_Data provided_.
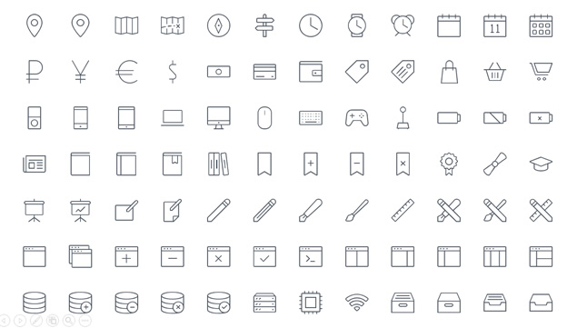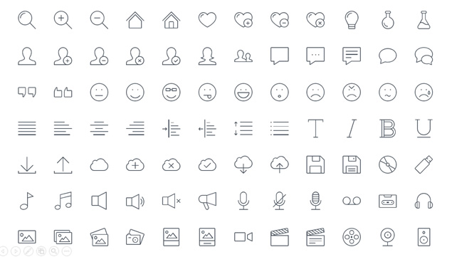 :线性图标,加减乘除符号,大于小于符号,全屏关闭全屏符号,音乐播放器按钮图标,垃圾桶,小旗子,放大镜,小房子,爱心,人物,对话气泡,表情线性图标,编辑器常用图标,云图标,影视娱乐元素图标,系统文件图标,运动系列线性图标,天气图标,餐饮线性图标,500+可修改颜色的线性图标打包下载。
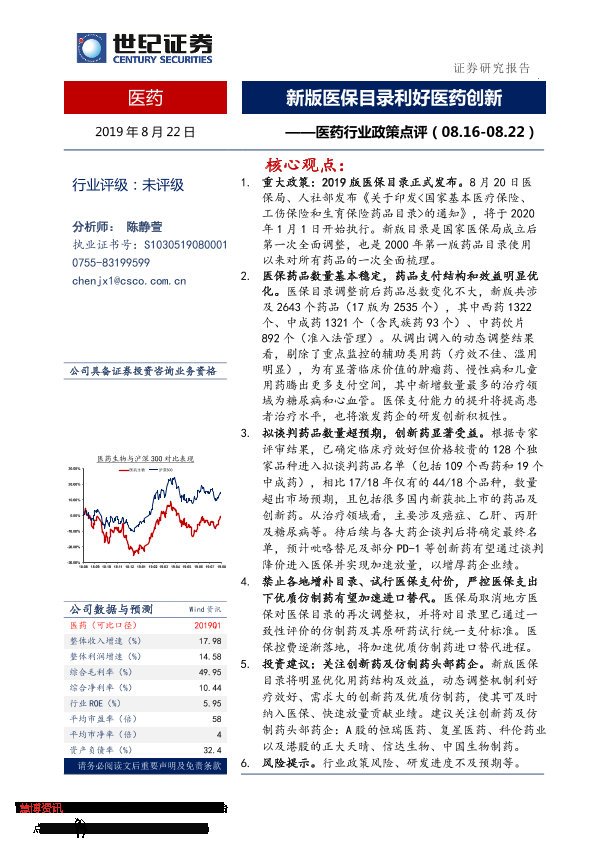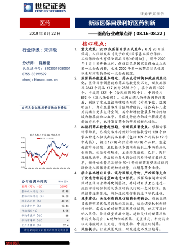 【世纪证券】【20190822】医药行业政策点评:新版医保目录利好医药创新-8页
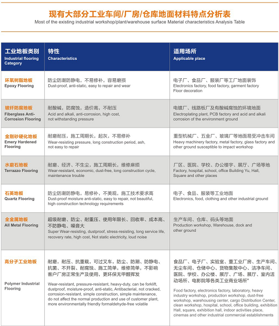 在此次展會上出現了一種顛覆傳統工業地坪的新型工業地面材料---高分子工業地板,此地板由湖南峰暢建材有限公司(科洛弗品牌)投入研發并在取得國家專利后生產面市,目前已在眾多知名上市企業生產廠房地面投入使用,如:得潤電子、興發集團、艾華集團、長高集團、千山藥機、科力遠、福耀玻璃、中糧集團、蒙牛乳業等。據科洛弗市場部負責人楊經理介紹,科洛弗高分子工業地板之所以受到眾多知名企業青睞,是因為高分子工業地板具備了傳統工業地坪材料所無法具備的眾多優點,主要突出在環保、耐磨、防腐蝕、防靜電、抗菌、易安裝易維修等方面的優勢,與傳統的環氧地坪具體區別如下:

_What is being asked_.
Your reply should hold every line of the material, unaltered, and not one picture.

_Exercise response_.
 :线性图标,加减乘除符号,大于小于符号,全屏关闭全屏符号,音乐播放器按钮图标,垃圾桶,小旗子,放大镜,小房子,爱心,人物,对话气泡,表情线性图标,编辑器常用图标,云图标,影视娱乐元素图标,系统文件图标,运动系列线性图标,天气图标,餐饮线性图标,500+可修改颜色的线性图标打包下载。
 【世纪证券】【20190822】医药行业政策点评:新版医保目录利好医药创新-8页
 在此次展會上出現了一種顛覆傳統工業地坪的新型工業地面材料---高分子工業地板,此地板由湖南峰暢建材有限公司(科洛弗品牌)投入研發并在取得國家專利后生產面市,目前已在眾多知名上市企業生產廠房地面投入使用,如:得潤電子、興發集團、艾華集團、長高集團、千山藥機、科力遠、福耀玻璃、中糧集團、蒙牛乳業等。據科洛弗市場部負責人楊經理介紹,科洛弗高分子工業地板之所以受到眾多知名企業青睞,是因為高分子工業地板具備了傳統工業地坪材料所無法具備的眾多優點,主要突出在環保、耐磨、防腐蝕、防靜電、抗菌、易安裝易維修等方面的優勢,與傳統的環氧地坪具體區別如下:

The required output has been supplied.